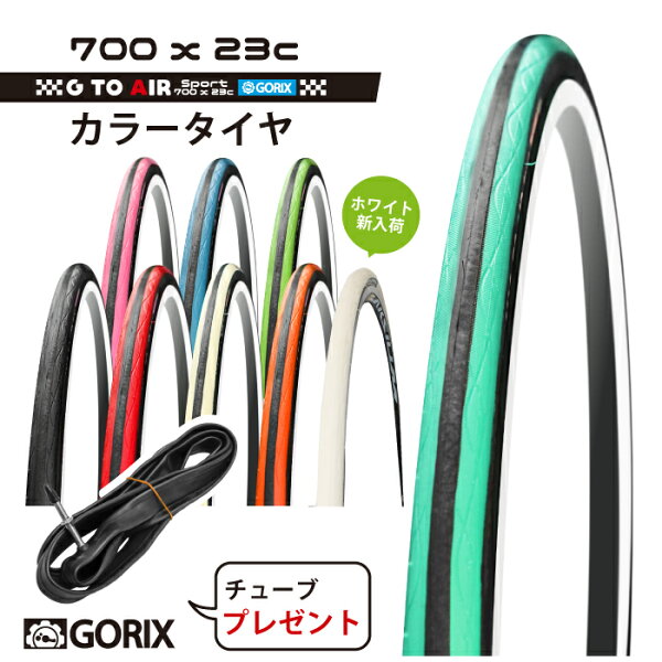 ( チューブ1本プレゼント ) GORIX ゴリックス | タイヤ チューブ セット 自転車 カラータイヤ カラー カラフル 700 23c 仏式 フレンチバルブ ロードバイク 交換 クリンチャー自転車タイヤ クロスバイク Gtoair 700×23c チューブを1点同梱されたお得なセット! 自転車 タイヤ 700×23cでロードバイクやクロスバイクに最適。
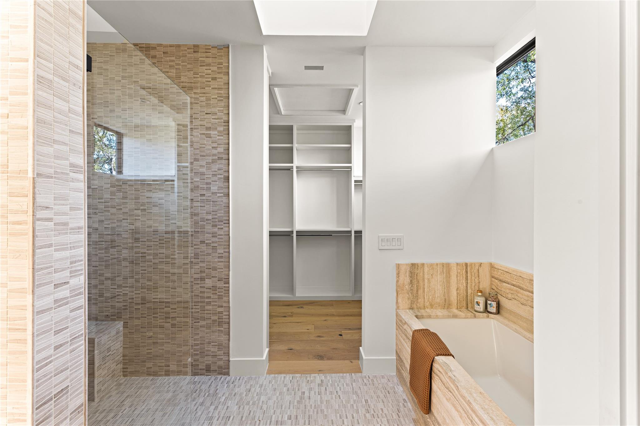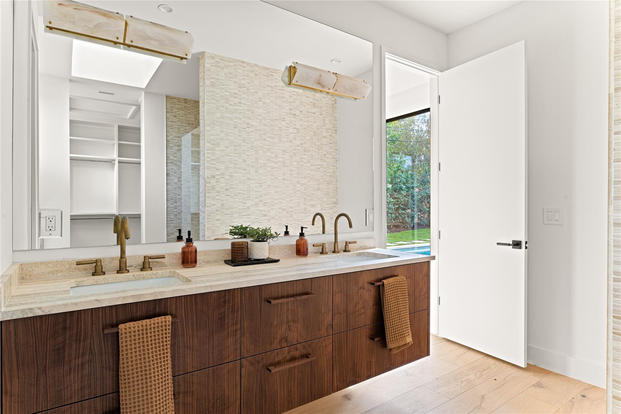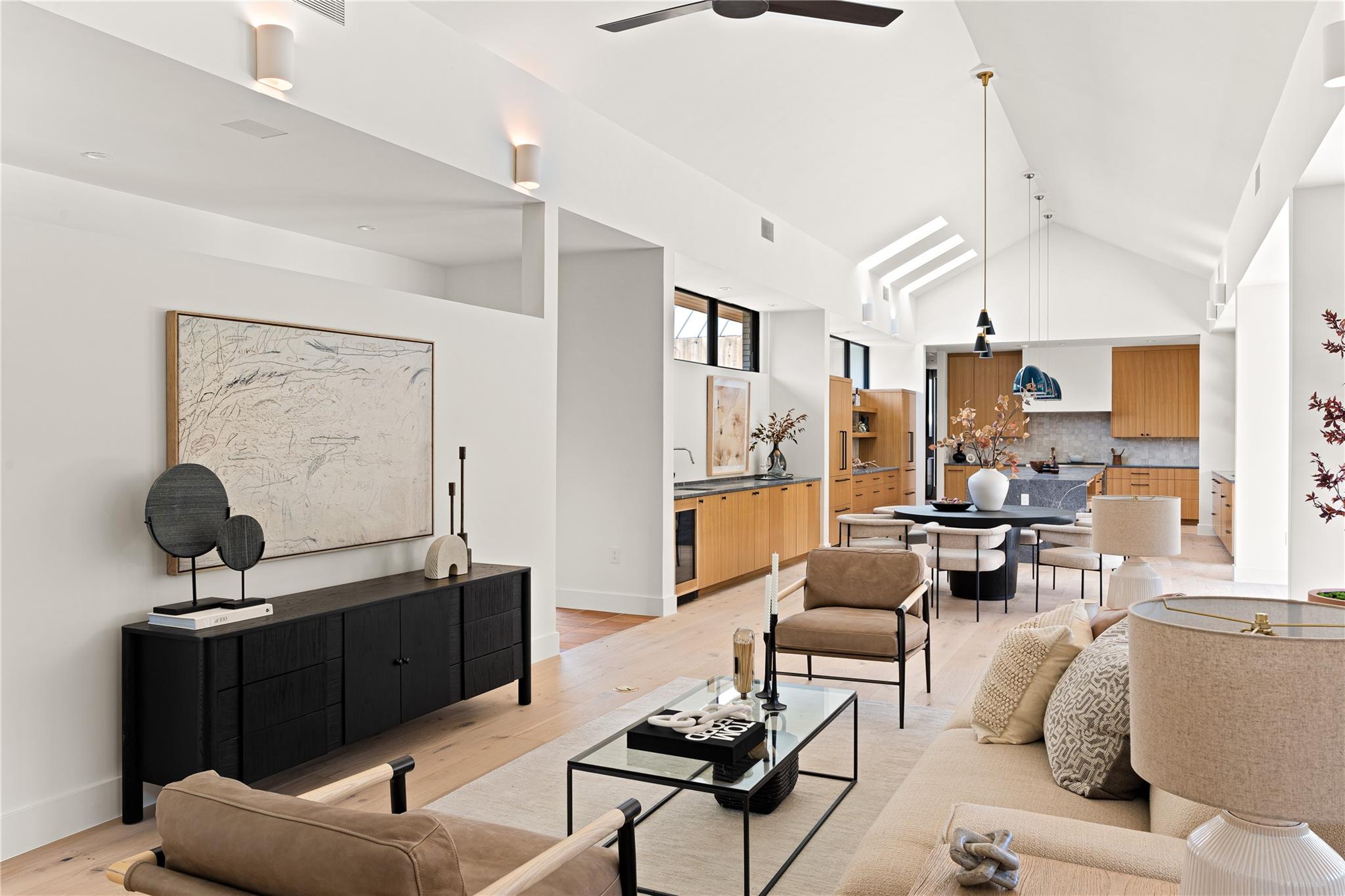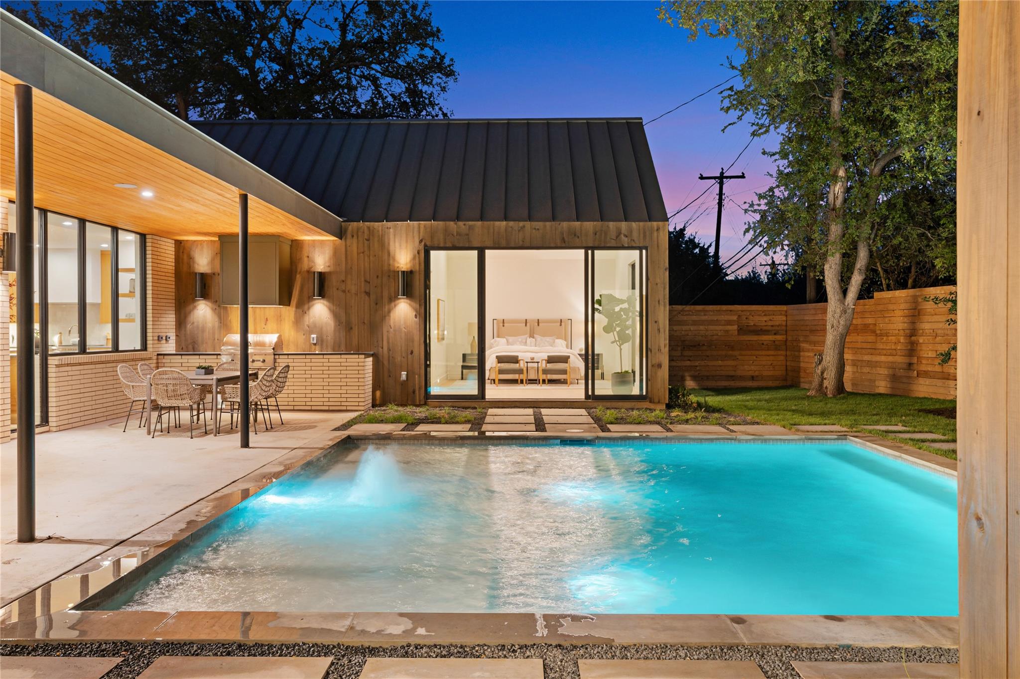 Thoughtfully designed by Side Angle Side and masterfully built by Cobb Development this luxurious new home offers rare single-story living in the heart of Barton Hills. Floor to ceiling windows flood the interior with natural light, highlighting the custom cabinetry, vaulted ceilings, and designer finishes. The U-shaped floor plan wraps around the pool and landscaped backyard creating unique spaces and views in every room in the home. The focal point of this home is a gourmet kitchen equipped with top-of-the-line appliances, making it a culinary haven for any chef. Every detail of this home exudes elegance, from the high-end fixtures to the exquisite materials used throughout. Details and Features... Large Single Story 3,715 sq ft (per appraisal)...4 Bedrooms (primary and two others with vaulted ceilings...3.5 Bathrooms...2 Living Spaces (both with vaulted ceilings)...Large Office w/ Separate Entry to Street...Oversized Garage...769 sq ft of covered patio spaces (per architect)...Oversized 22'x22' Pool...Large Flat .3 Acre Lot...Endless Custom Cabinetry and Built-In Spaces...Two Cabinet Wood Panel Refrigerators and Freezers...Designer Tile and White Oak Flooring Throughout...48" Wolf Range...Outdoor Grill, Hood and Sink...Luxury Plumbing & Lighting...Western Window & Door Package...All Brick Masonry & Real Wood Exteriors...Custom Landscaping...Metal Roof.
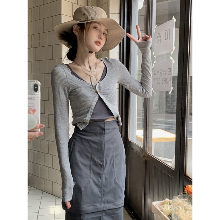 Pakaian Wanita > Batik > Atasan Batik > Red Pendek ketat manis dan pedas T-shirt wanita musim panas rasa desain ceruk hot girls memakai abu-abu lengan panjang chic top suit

· · · ·

* What you should do *
Leave out all pictures, then copy the remaining material exactly.

* Solution to the exercise *
 ( チューブ1本プレゼント ) GORIX ゴリックス | タイヤ チューブ セット 自転車 カラータイヤ カラー カラフル 700 23c 仏式 フレンチバルブ ロードバイク 交換 クリンチャー自転車タイヤ クロスバイク Gtoair 700×23c チューブを1点同梱されたお得なセット! 自転車 タイヤ 700×23cでロードバイクやクロスバイクに最適。
 Thoughtfully designed by Side Angle Side and masterfully built by Cobb Development this luxurious new home offers rare single-story living in the heart of Barton Hills. Floor to ceiling windows flood the interior with natural light, highlighting the custom cabinetry, vaulted ceilings, and designer finishes. The U-shaped floor plan wraps around the pool and landscaped backyard creating unique spaces and views in every room in the home. The focal point of this home is a gourmet kitchen equipped with top-of-the-line appliances, making it a culinary haven for any chef. Every detail of this home exudes elegance, from the high-end fixtures to the exquisite materials used throughout. Details and Features... Large Single Story 3,715 sq ft (per appraisal)...4 Bedrooms (primary and two others with vaulted ceilings...3.5 Bathrooms...2 Living Spaces (both with vaulted ceilings)...Large Office w/ Separate Entry to Street...Oversized Garage...769 sq ft of covered patio spaces (per architect)...Oversized 22'x22' Pool...Large Flat .3 Acre Lot...Endless Custom Cabinetry and Built-In Spaces...Two Cabinet Wood Panel Refrigerators and Freezers...Designer Tile and White Oak Flooring Throughout...48" Wolf Range...Outdoor Grill, Hood and Sink...Luxury Plumbing & Lighting...Western Window & Door Package...All Brick Masonry & Real Wood Exteriors...Custom Landscaping...Metal Roof.
 Pakaian Wanita > Batik > Atasan Batik > Red Pendek ketat manis dan pedas T-shirt wanita musim panas rasa desain ceruk hot girls memakai abu-abu lengan panjang chic top suit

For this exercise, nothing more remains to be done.